Spoils by Brian Van Reet

Spoils by [Reet, Brian Van]It's very rare for me to read contemporary war novels and when I do, I almost never choose ones about the military itself, so Spoils by former soldier Brian Van Reet was a departure for me. It is, however, billed on the cover as a war novel for people who hate war novels and I suspect there may be some truth in that.

There are three characters whose points of view the novel which is set in the Iraq war of 2003, covers. Cassandra Wigheard is a 19-year-old American soldier who has joined the US Army two years previously, primarily as a means of escape from her chaotic, poverty-stricken family. Abu al-Hool is a middle-aged Egyptian from a wealthy family who has been fighting with the mujahideen in various fields of conflict in the Islamic world, initially against the Russians in Afghanistan and now in Iraq. Finally, there's Sleed, another low-ranking soldier whose role is perhaps to show us how ordinary young men behave when faced with extraordinary circumstances, and what the terrible consequences can be.

When Cassandra is captured by Abu al-Hool's group - indirectly due to a mistake by Sleed and some of his colleagues made while they search for loot in an abandoned palace - she is faced with some difficult decisions and some extreme mental and physical challenges. Meanwhile, Abu al-Hool is disturbed by the increasingly extreme methods of his resistance group, with their new commitment to violent video propaganda and forced conversions.

This really Cassandra and al-Hool's story, with Sleed's occasional appearances taking the form of a sort of simple, ordinary-joe commentary. Sleed's voice speaks its truths in the voice of an average soldier - he's not particularly articulate, but at the same time he gets his meaning across with a disarming clarity.

By contrast, Abu al-Hool speaks with an old-fashioned eloquence. It's a pity that while I found him by far the most interesting character, I also found him the least convincing. We don't learn anywhere near enough about how this one-time spoilt rich boy from Cairo became a jihadi, and his change of heart during the course of Spoils doesn't come with enough exploration either. His precise, almost poetic language singles him out appropriately as being more educated than any of the American soldiers in his captivity, but it's just that little bit too overdone and has the odd effect of seeming to patronise the character rather than elevate him, as if he were the token dapper, educated Arab in a desert war film of the 1940s.

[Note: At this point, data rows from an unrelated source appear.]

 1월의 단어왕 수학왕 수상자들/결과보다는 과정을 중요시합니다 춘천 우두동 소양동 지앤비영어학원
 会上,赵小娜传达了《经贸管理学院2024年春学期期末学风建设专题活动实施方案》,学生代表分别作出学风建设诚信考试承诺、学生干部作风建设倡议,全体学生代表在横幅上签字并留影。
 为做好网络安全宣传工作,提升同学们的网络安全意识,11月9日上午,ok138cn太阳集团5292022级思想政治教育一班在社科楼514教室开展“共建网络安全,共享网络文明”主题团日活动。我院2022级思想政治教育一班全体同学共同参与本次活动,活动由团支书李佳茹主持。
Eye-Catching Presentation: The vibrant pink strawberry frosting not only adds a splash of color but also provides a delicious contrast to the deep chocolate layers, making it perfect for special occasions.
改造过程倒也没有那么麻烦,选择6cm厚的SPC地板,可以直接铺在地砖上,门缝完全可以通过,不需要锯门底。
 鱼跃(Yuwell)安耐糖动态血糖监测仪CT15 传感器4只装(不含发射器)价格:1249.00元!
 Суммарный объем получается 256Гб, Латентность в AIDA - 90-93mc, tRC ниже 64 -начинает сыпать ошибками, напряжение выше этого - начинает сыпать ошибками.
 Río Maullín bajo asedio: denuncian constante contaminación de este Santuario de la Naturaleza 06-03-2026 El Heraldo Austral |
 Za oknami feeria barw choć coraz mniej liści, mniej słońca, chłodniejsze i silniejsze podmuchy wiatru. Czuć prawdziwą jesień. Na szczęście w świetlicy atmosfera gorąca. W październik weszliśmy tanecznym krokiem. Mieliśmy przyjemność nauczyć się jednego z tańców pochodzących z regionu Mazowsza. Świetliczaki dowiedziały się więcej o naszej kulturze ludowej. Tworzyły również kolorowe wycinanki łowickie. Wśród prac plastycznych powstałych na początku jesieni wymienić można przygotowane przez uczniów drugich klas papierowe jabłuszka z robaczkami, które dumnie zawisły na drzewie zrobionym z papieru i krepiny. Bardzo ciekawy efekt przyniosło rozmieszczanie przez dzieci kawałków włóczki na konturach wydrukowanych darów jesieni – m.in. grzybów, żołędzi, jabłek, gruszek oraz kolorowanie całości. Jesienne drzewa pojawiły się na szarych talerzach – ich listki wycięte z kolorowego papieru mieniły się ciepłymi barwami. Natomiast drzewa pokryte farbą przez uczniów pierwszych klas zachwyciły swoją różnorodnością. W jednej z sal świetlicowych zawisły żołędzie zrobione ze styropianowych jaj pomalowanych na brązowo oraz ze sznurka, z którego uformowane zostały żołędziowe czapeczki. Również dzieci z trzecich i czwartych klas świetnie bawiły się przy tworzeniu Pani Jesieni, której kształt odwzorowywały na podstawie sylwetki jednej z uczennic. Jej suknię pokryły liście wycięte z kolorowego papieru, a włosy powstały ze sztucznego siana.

Cassandra's story is an interesting perspective on the unique challenges of being a woman in a war zone. Her captors see her as a valuable prize and there are obvious additional risks for a woman being held prisoner by a group of men, particularly a group of men with preconceived notions about Western women, and yet at the start of the book she also reflects on a brutal attack on another woman soldier by her own fellow soldiers - none of whom were caught and with whom Cassandra might easily be friends.

In a way, Cassandra and al-Hool are two of a kind. Both of them joined a fighting force more to give them a sense of purpose in life or a means of escape than a deeply held belief in a cause ,and yet they're both prepared to kill for it. Both of them, in different ways, find themselves questioning the company they've chosen to keep.

Van Reet is adept at evoking the sights, sounds and smells of a desert war, as well as the banality of the soldiers' boredom and the chilling ways in which ordinary people, whether they're soldiers, rebels or simply civilians caught up the chaos, can find themselves in extraordinary situations. However, perhaps the Iraq War was so extensively covered by rolling news channels beaming live images to our living rooms, I didn't feel I really learned anything new from Spoils. The perspectives in it are interesting, but largely predictable. It's a short, tense read and certainly kept me turning the pages, but I'm not sure it's one I'll remember for years to come.